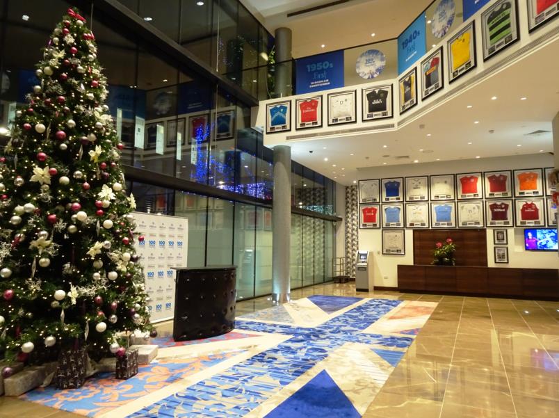 ラグビーの試合もできるようで、1階ロビーには各チームのユニフォームが沢山飾られています。
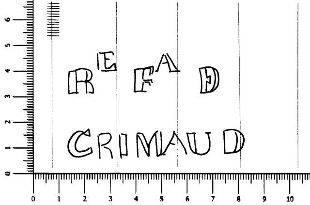 Tipo de filigrana: Sencilla Parte estudiada: Toda la filigrana Código del Motivo: W.02.01.00 Descripción: Letras: RE FA Ð / GRIMAUD. Estructura: Tradicional de líneas Altura (mm): 41 Anchura (mm): 69 Tipo de papel: Verjurado Posición en la hoja: Izquierda centro Nº de corondeles en la hoja: 17 Distancia entre corondeles: Situada entre el corondel 3 y el corondel 7 Posición en relación al texto: Origen de los datos: Datos obtenidos del original País de localizatión del molino: España Lugar del molino: Gárgoles de Arriba, Guadalajara. Fabricante: Santiago Grimaud Autor de los datos de este registro: María Dolores Díaz de Miranda Macías y Ana María Herrero Montero Tipo de uso: Papel sellado Estado de la hoja: Cortados todos los bordes Altura de la hoja: 289 Anchura de la hoja: 406 Color de la hoja: Natural Institución: Archivo Municipal de Oviedo.
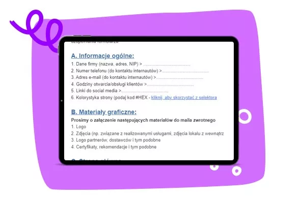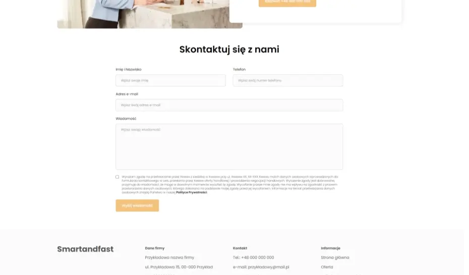 Konieczne jest dostarczenie minimalnej ilości treści w postaci opisu Twojej firmy, opisu usług itp. Co pozwoli najlepiej przedstawić zakres Twojej oferty. Jeśli nie czujesz się na siłach, możesz skorzystać z przygotowanych pomocniczych opisów oraz gotowych wypełniaczy. Dodatkowo zespół Smart and Fast pomoże Ci w przeredagowania treści jeśli będzie taka potrzeba.
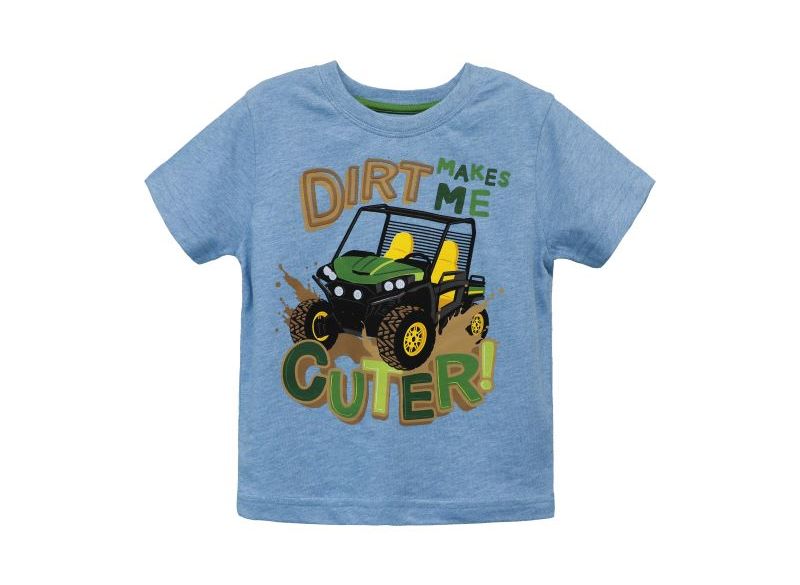 Dětské modré měkká tričko s dlouhými rukávy s historickým traktorem John Deere, který brázdí bláto. Krásný doplněk do každého dětského šatníku. Materiál: 40% polyester, 60%...
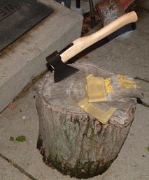 I used this Russian axe, sharpened with a Baldor grinder, cleaned the edge with a stone, took a wooden piece.
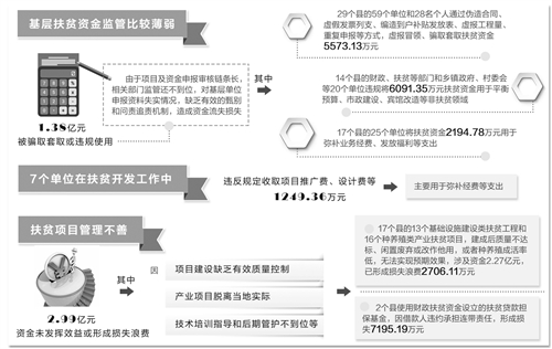 同样以扶贫工作为例,审计发现的主要问题:一是部分资金分配未充分考虑建档立卡贫困人口情况。比如,有的扶贫资金分配尚未与建档立卡贫困人口数据建立有效衔接机制,在具体扶贫项目实施中,有的地方也未严格按规定条件筛选扶贫对象。在抽查云南省寻甸县2015年发放的1339笔扶贫到户贴息贷款6560万元中,仅有711笔3433万元(占52%)发放给了建档立卡贫困户;二是有1.51亿元扶贫资金被虚报冒领或违规使用;三是有8.7亿元扶贫资金闲置或损失浪费。
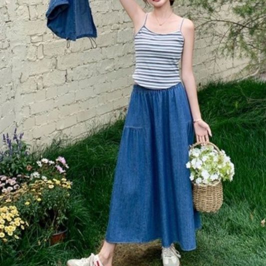 半袖のシャツジャケットとキャミトップス、ゆったりとしたロングスカートの組み合わせで、リラックス感のある着こなしが楽しめます。
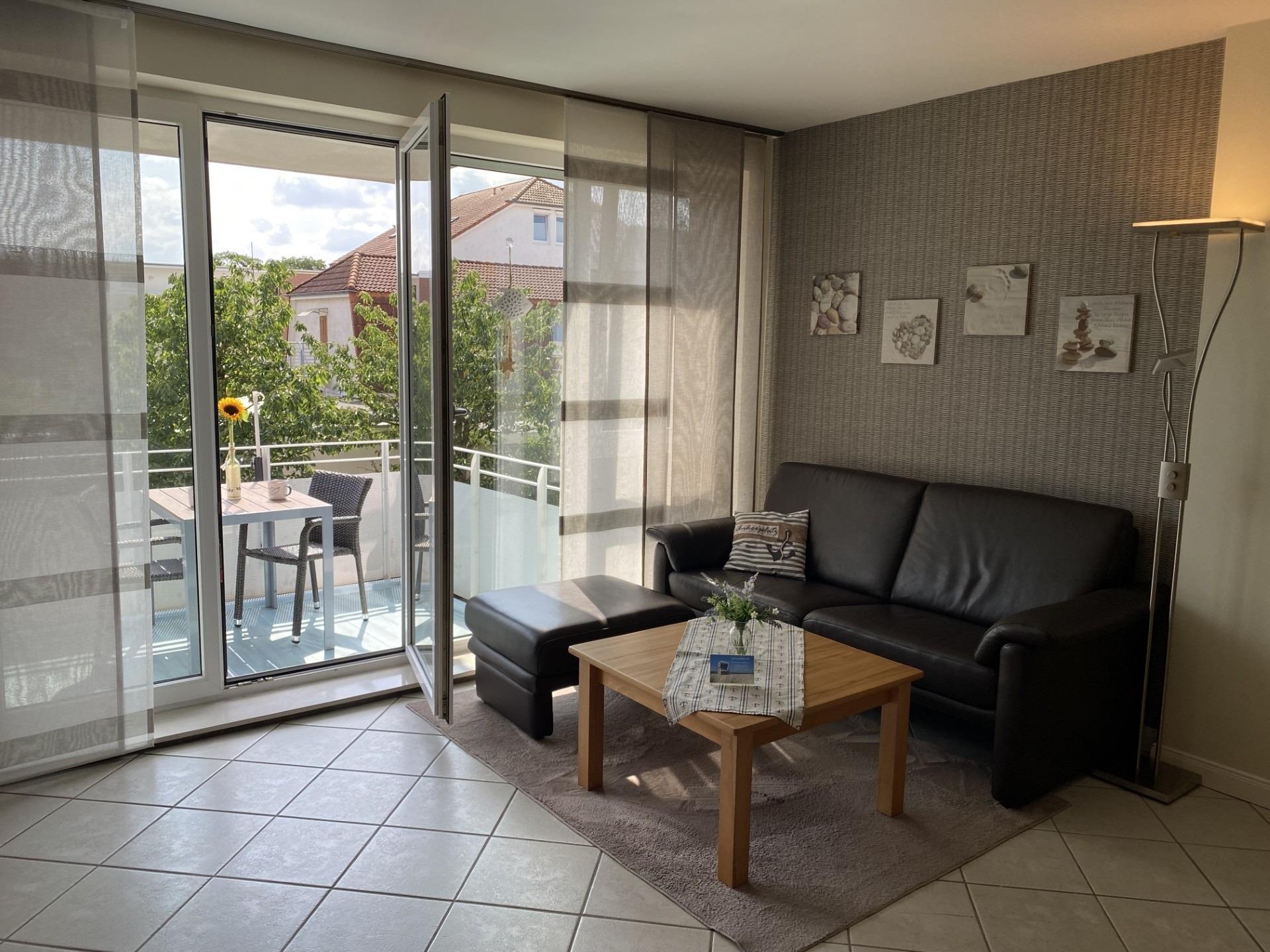 Das geschmackvolle, helle Wohnzimmer verfügt über eine moderne Couch-Garnitur mit einem Tisch, einen internetfähigen Fernseher (Smart-TV) und einen separaten Essplatz für bis zu 4 Personen. Es hat Zugang zum sonnigen, möblierten Süd-Balkon.

WHAT THE TASK REQUIRES: In the listing above, find the line with "Dětské modré měkká" and the line with "I used this". Transcribe those two and everything between, exactly, leaving out pictures.

EXERCISE OUTPUT:
 Dětské modré měkká tričko s dlouhými rukávy s historickým traktorem John Deere, který brázdí bláto. Krásný doplněk do každého dětského šatníku. Materiál: 40% polyester, 60%...
 I used this Russian axe, sharpened with a Baldor grinder, cleaned the edge with a stone, took a wooden piece.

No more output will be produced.